What would help this? Would reminding them of the starving children help? Usually not. A sense of proportion isn’t natural to us, I think–our emotions don’t automatically readjust when we think ‘it could be worse’. Although that helps, to some degree, it doesn’t solve the problem.

So let’s look at it from the other end: what is this unhappiness? Does it arise from wanting things we can’t have? From expectations that don’t come off?

I have a fourteen-year-old child. That means I have lots of first-hand experience with angsty, disproportionate unhappiness. I’ll give you a good example. She wants very much to lose weight, and for that reason is trying to eat better and getting a really lot of exercise. I’m very proud of her effort; she’s gone and researched it, and is working very hard. However, she’s still growing taller. When she went to the doctor and found that she’d only lost one pound (which, because of water weight and natural variation, is effectively no progress) she was cast into distress over it. Rather than thinking hey, I’ve not gained ANYTHING in this last few weeks… instead she said she’d worked very hard and got nowhere.

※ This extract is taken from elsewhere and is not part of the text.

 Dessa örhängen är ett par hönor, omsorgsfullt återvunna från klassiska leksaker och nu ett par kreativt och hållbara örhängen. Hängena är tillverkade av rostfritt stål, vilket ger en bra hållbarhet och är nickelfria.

“Not fair!” is probably her most-used phrase. There is even less logic to many of her other grievances. Having to go to school five days a week seems to her like the worst thing ever: a huge imposition on her time and her resources, exhausting and boring her stiff. There oughta be a law against this stuff! Like all teenagers, to her the future does not exist. Neither the concept that as an adult, she will have to work harder for more hours, nor the concept of making some sacrifice now in order to improve her lot later, have any impact.

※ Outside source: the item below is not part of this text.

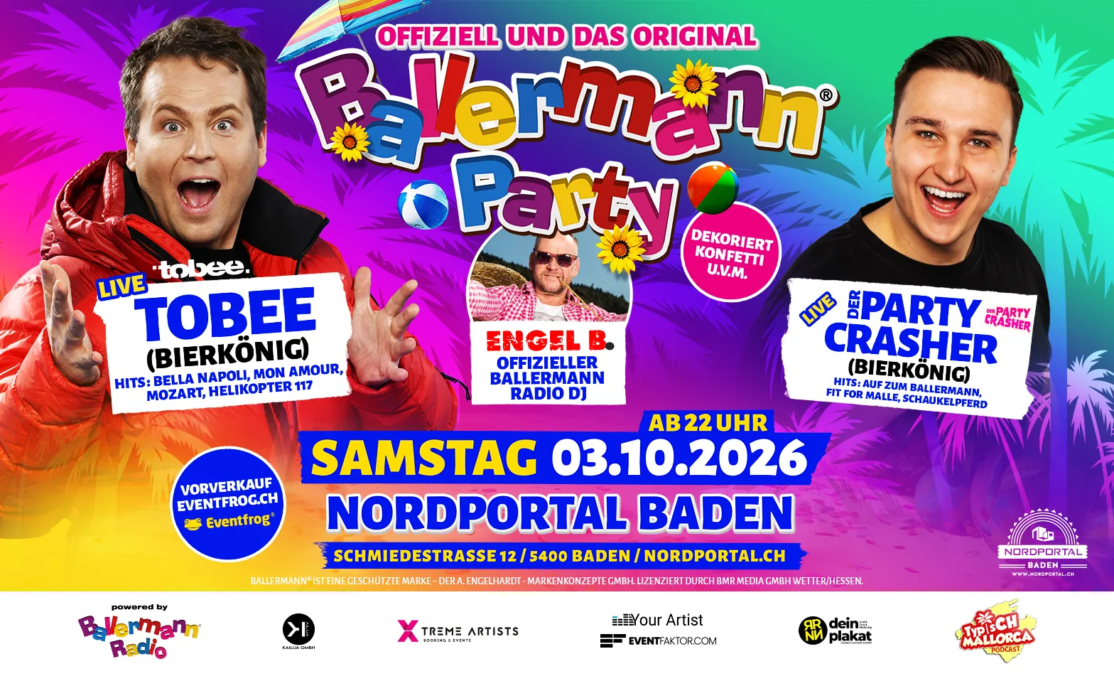 Ballermann Party - mit Tobee & Der Partycrasher Nordportal, Schmiedestrasse 12/14, 5400 Baden Tickets

That sense of entitlement is what I want to talk about. The nature of expectation. I had a long unhappiness myself because I expected a romance to gel out of a friendship that showed all the signs. When it did not, I was very upset for a very long time. Not because I wanted it. Because I expected it. I felt I had a right to it, and the world was taking it away. It’s not a healthy attitude! I hope I’m doing better now, but I won’t swear to it until I have evidence.

So let’s define those terms.

Want. It used to mean ‘not getting a necessity’ like food or water. A person in want is not getting some or all of the basics, food, shelter, water, etc. Nowadays ‘I want’ just means there’s something you don’t have and you wish you did. It’s a desire.

Expectation. There’s a clear sense of entitlement in it, of something almost assured that will most likely happen, and you make plans accordingly. I think this is where so much of this disproportionate unhappiness comes from, at least in my own life. I have a strong tendency to see into the future, and if I turn out to be wrong, I get upset. It used to be worse; I used to be quite agitated if I didn’t know what was going to happen today, by the hour, on schedule, and if there wasn’t a plan, or if someone turned up late for something, it went against the grain. I’m nowhere near that bad now, but in emotional matters, I still project what I think’s going to happen, and it frequently sabotages me.

Hope. A wish for the future, without any constraint on what will really happen. Just a soft, fuzzy openness to the possibility, without making a plan. It’s what I strive for now.

I saw a bumper sticker at one point that made sense in this context. I don’t know where the original saying came from, and if anybody does, please enlighten me. To remember it as best I can, it went: Don’t try to get what you want; try to want what you’ve already got.

It’s not usually that simple. But I’m trying.